While they may have become Anglicized, in many ways Huguenots and their English neighbors continued to recognize the former’s heritage. The area along the Santee where they lived was known as the French Santee, and when parishes were established in the eighteenth century, one was called St. Thomas and St. Denis.
..Assimilation did not come easy for the Huguenots, who found themselves the objects of intense ethnic animosity. In the elections for the first Commons House of Assembly in 1692 five of the six delegates from Craven County were Huguenots. this led to an angry petition to Gov. Philip Ludwell asking him to prevent the Huguenots from taking their seats: “Shall the Frenchmen, who cannot speak our language, make our laws?” …Governor Ludwell ignored the protests and permitted the Huguenots to take their seats.
In response to the concerns of the English majority, for election purposes Craven and Berkeley Counties were combined, thus eliminating a French-majority election district. However, by the time the Third Assembly met in 1696, there was at least one Huguenot in the Berkeley and Craven delegation.
The proprietors, who had encouraged the Huguenots and other refugees to settle in South Carolina, were horrified at the emergence of this raw ethnic hatred. By word and deed they did what they could to support the Huguenots from three thousand miles away. …The controversy continued to simmer until the Commons House passed its own naturalization act in 1697 granting aliens “all the rights, privileges, powers and immunities whatsoever, which any person born of English parents may, can, might, could, or of right ought to have, use and enjoy.” While the act only applied to those who had petitioned for citizenship, it set a precedent for assimilation.
Most subsequent French immigrants – and most others – did not have to undergo the tribulations that the Huguenots had been forced to endure during the early proprietary years.
Dr Edgar then goes on to discuss an exception to the above trend – the unfortunate experience of the 1,023 Acadians who were relocated by the British government to South Carolina in the 1750s. They were scattered through the various parishes, generally ill-received by Carolinians and within a year their numbers had been diminished to about one third of their original number due to disease and emigration.

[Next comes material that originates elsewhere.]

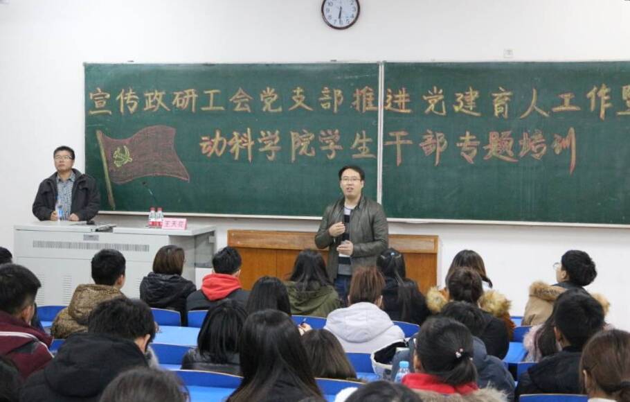 11月16日动科公司联合宣传政研工会党支部举办育人讲座暨学院员工干部培训,由宣传政研工会成员王天亮主讲。宣传政研工会党支部对接班级2016级动物医学创新人才班同学、辅导员及员工干部代表参加本次活动。

…By the 1730s the Huguenots had begun to abandon their language and customs and to merge with the English majority. They were no longer as alien as they once had been. The more they became assimilated, the more successful they became. Later French immigrants settled on the frontier away from the centers of population and, for a while, clung to their own ways. Then they, too, married their neighbors whether or not they were French. In Charleston no one really cared whether backwoods French or German settlers kept their “alien” culture and language. Out of sight and earshot, they were supposed to be the colony’s first line of defense against the Indians.





















Great article.
While many of my ancestors were Scotch Irish, English, and some German, the main bunch on one side of my family were French Huguenots (I never knew this until this past year).
For me personally, this is a very interesting article. Many of the French Huguenots were skilled people, and they brought those skills to either England or England and then the New World. The French Huguenots were definitely a group that benefited the Americas, and I’m proud to say my direct ancestors were part of that group!